“Oppenheimer: The Man. The Book. The Movie.”
A Zoom conversation with Kai Bird, co-author of the book 'American Prometheus: The Triumph and Tragedy of J. Robert Oppenheimer'
Physicist J. Robert Oppenheimer during World War II directed the efforts of a select cadre of scientists who toiled in secrecy at the Manhattan Project’s weapons laboratory at Los Alamos, New Mexico. Under Oppenheimer’s leadership, the Manhattan Project developed the atomic bombs that the United States employed to devastating effect against the cities and population of Hiroshima and Nagasaki, thus expediting the Japanese surrender. Although known as “the father of the atomic bomb” and heralded for guiding the crash project that contributed to military victory, Oppenheimer in the postwar era spiraled from national hero to outcast. He expressed misgivings about the morality of the weapons he helped create, warned about the risks of an arms race and the dangers of a nuclear war, and publicly opposed the emerging national security doctrine that expanded the destructive power and arsenals of nuclear weapons.

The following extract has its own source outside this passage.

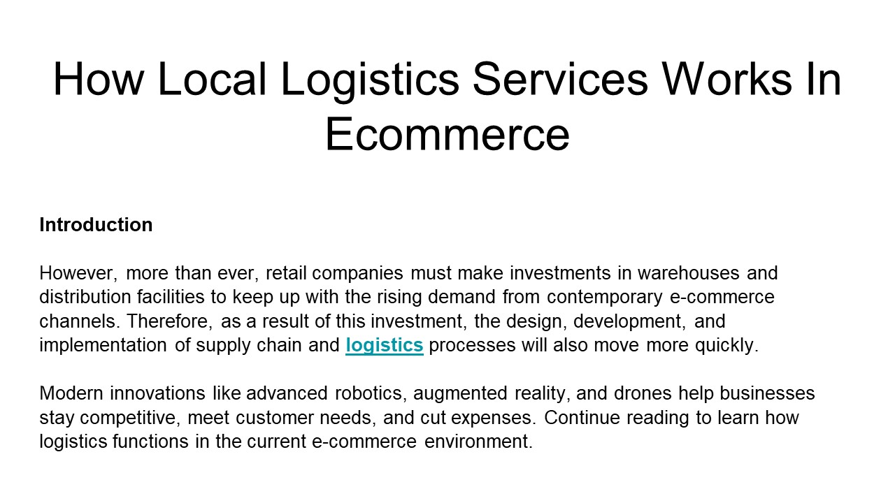 Title: How Local Logistics Services Works In Ecommerce

His past political associations and personal behavior fed narratives used by critics during the Cold War to cast him as a subversive and impacted the eventual loss of his security clearance. The public humiliation devastated Oppenheimer and tarnished his reputation; he was a broken man through his final years.

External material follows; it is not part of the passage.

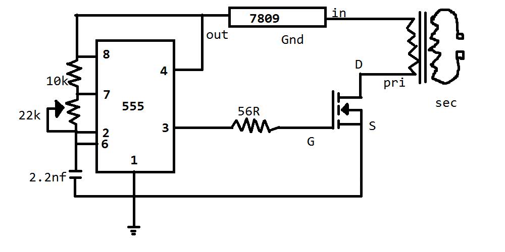 Метод 1 использует таймер 555 для включения и выключения мосфета. В нём используется меньше компонентов и его легче собрать.

Kai Bird and Martin Sherwin collaborated on the acclaimed biography American Prometheus: The Triumph and Tragedy of J. Robert Oppenheimer. Critics regard their work as “masterful” and the standard against which other works on Oppenheimer must be measured.
Join author Kai Bird as he offers his perspective about the complexities of Oppenheimer the man, the experience of writing the Oppenheimer biography, and his thoughts about the Academy Award-winning movie “Oppenheimer” which was based on American Prometheus.

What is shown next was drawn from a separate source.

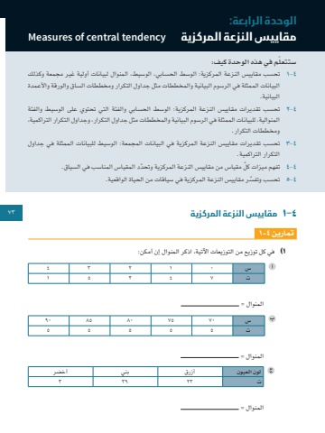 ٤-1 مقاييس النزعة المركزية 73تمارين ٤-١1 )في كل توزيع من التوزيعات اآلتية، اذكر المنوال إن أمكن:س 0 1 2 3 4ت 7 4 2 5 1المنوال = س 70 75 80 85 90ت 5 5 5 5 5المنوال = لون العيون أزرق بني أخضرت 23 39 3المنوال = الوحدة الرابعة:مقاييس النزعة المركزية tendency central of Measuresّ ستتعلم في هذه الوحدة كيف:٤-١ تحسب مقاييس النزعة المركزية: الوسط الحسابي، الوسيط، المنوال لبيانات أولية غير مجمعة وكذلك البيانات الممثلة في الرسوم البيانية والمخططات مثل جداول التكرار ومخططات الساق والورقة واألعمدة البيانية.٤-2 تحسب تقديرات مقاييس النزعة المركزية: الوسط الحسابي والفئة التي تحتوي على الوسيط والفئة المنوالية، للبيانات الممثلة في الرسوم البيانية والمخططات مثل جداول التكرار، وجداول التكرار التراكمية، ومخططات التكرار.٤-3 تحسب تقديرات مقاييس النزعة المركزية في البيانات المجمعة: الوسيط للبيانات الممثلة في جداول التكرار التراكمية.٤-٤ ّ تفهم ميزات كل ّ مقياس من مقاييس النزعة المركزية وتحدد المقياس المناسب في السياق.٤-5 ّ تحسب وتفسر مقاييس النزعة المركزية في سياقات من الحياة الواقعية.73

Kai Bird is an award-winning author who has written seven books, five of which have been biographies whose subjects, in addition to Oppenheimer, include the brothers McGeorge and William Bundy, John J. McCloy, Robert Ames, and Jimmy Carter. In 2006, Mr. Bird and co-author Martin Sherwin were awarded the Pulitzer Prize for the Oppenheimer biography. Mr. Bird was awarded the 2024 BIO Award presented by the Biographers International Organization in recognition of his “significant contributions to the art and craft of biography.” Mr. Bird is currently working on a biography of lawyer Roy Cohn. Since 2017, Mr. Bird has served as Executive Director of the Leon Levy Center for Biography at the CUNY Graduate Center in New York. He earned a B.A. from Carleton College and holds an M.S. in Journalism from Northwestern University.